Paul Weiss snagged one of Cravath’s star partners, Scott Barshay, and reportedly pays him a cool $10M per year–far more than he earned at Cravath. Asked to opine about the proliferation of laterals in big law, Paul Weiss chairman Brad Karp (he of the apologia cited above) commented that “the nature of big law” had changed. Mr. Karp was referring not only to the peripatetic, free-agents that today’s big law partners have become, but also to what he describes as “a gradual but steady erosion of both client and partner loyalty.” It’s curious that he does not connect the two. Why should clients–among other reasons–maintain loyalty to a firm when you can’t tell its partners without a scorecard? It’s revealing–if not ironic–that Mr. Karp sees big law change when it involves rainmakers and big dollars but it does not extend to rectifying diversity, gender pay gap, and other elements of firm culture.
Firms are focused on laterals for short-term financial and brand reasons. While that’s certainly understandable, it helps explain why diversity, the gender pay gap, and meaningful, client-centric “innovation” are given more lip service than commitment. The partnership model is about partners. There are reasons why “partner de-equitization” is now common, more new partners are laterals than internal-promotes, and, notwithstanding the risk involved with bringing on laterals (half don’t stay for five years and many don’t live up to financial expectations) law firm focus is on the “big fish” talent like Scott Barshay. Rich, elite firms–Kirkland Ellis is a prime example–are melding Darwin with big-money free agency, making ongoing runs at elite partners from other firms. This is big law’s focus and the centerpiece of its culture. Certainly, there are firms striving to be more client-centric, innovative, and collaborative, but PPP is the zip code where big law lives. That is why law firm culture–at least among traditional partnership firms–is not changing materially or quickly.
Conclusion
Rewards are powerful drivers of human behavior and reflect an organization’s cultural priorities. The growing divergence between in-house teams and law firms is an example. Corporate legal departments have generally achieved greater diversity than law firms. That’s because they operate in a corporate environment where diversity is a cultural commitment deemed intrinsically and extrinsically valuable. In-house counsel are evaluated by and rewarded for efficiency, client-centricity, advancing enterprise objectives, and other result-driven metrics.

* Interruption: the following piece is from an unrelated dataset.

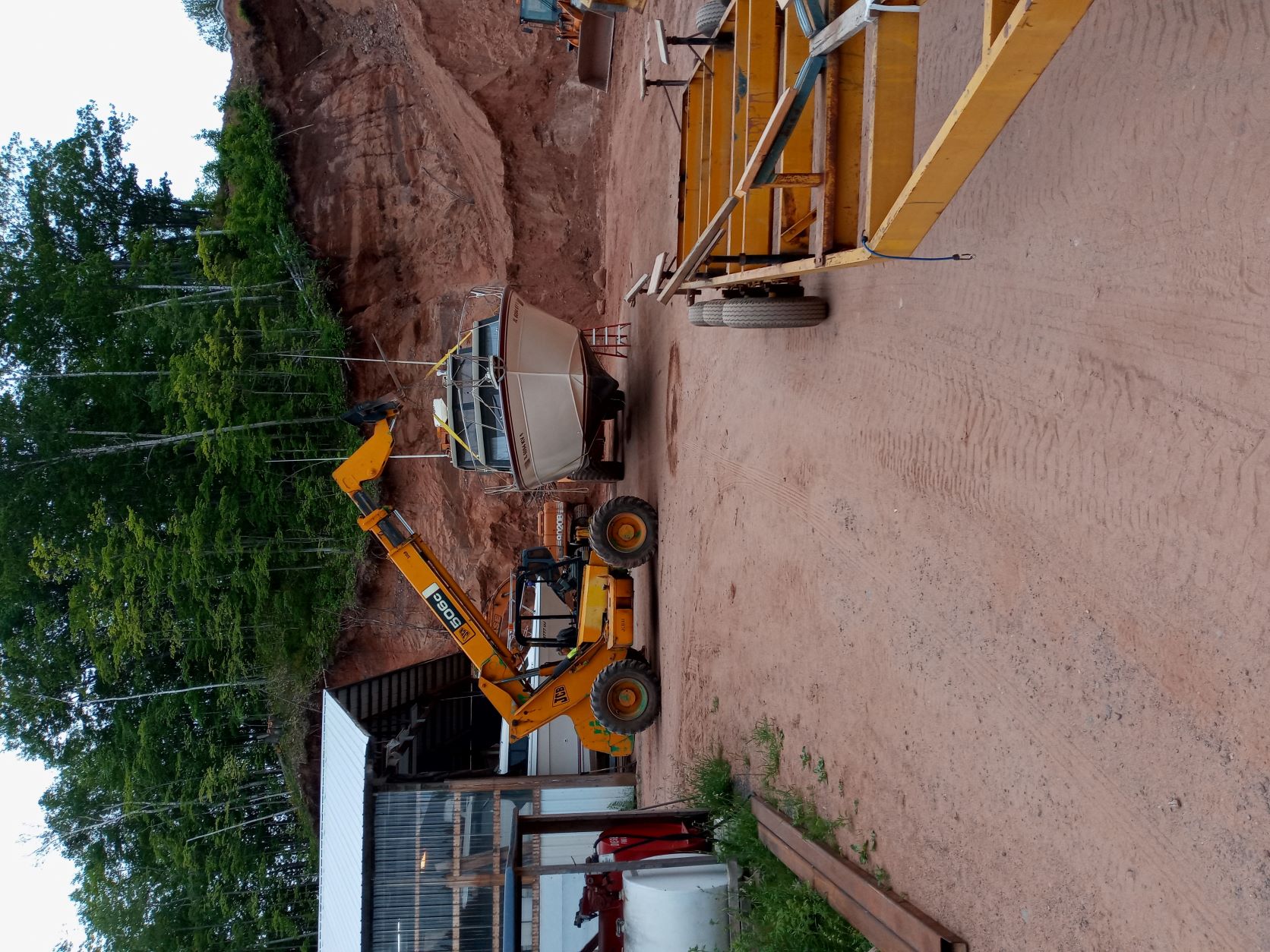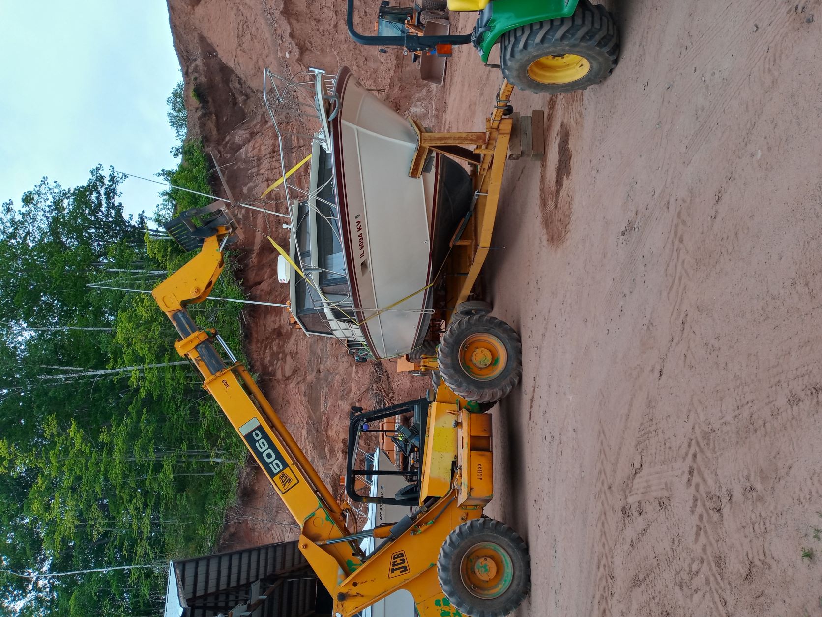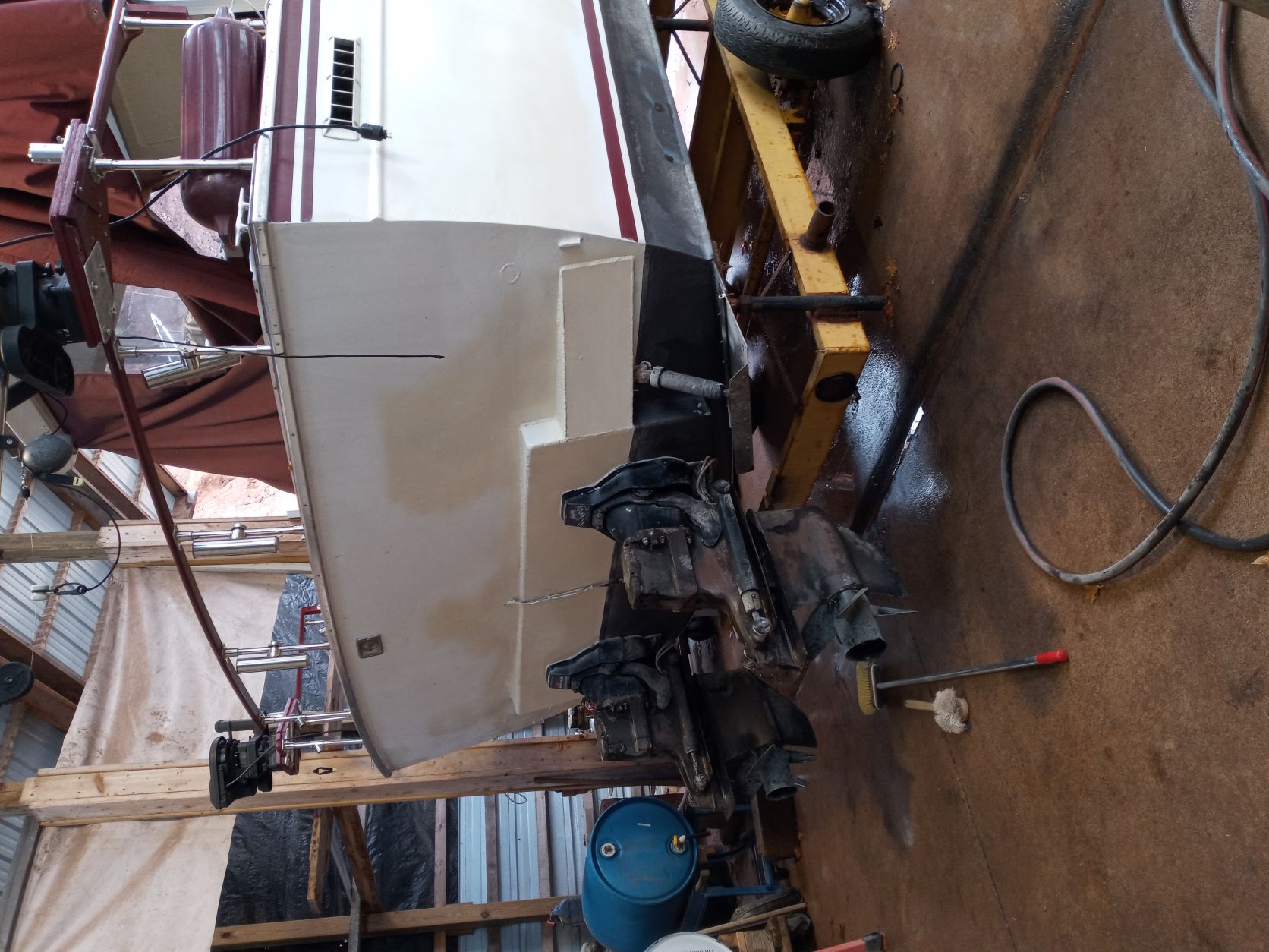 Swapped trailers under boat. Borrowed a buddies trailer for it to sit on after the engines go in. Old trailer was too short and did not support the stern at all. We used a fork lift, loader and a couple tow straps to and it for the swap.

Law firms lag in diversity in part because their focus is elsewhere. Firm lawyers are rewarded for hours, origination, and profitability–all internal metrics that advance PPP but are often misaligned with client objectives. Firms tend to lack a unified culture because of their decentralized management, partner fiefdoms, turnover–that sometimes includes key partners–focus on laterals over home-grown talent, and economic model. Lack of diversity is one element of the culture that young partners buy into. They will soon learn–if they don’t already know–that generating profitable business is the thread that binds and sometimes unravels the myth of law firm “partnership.” If you live by PPP, you will likely die by it, too.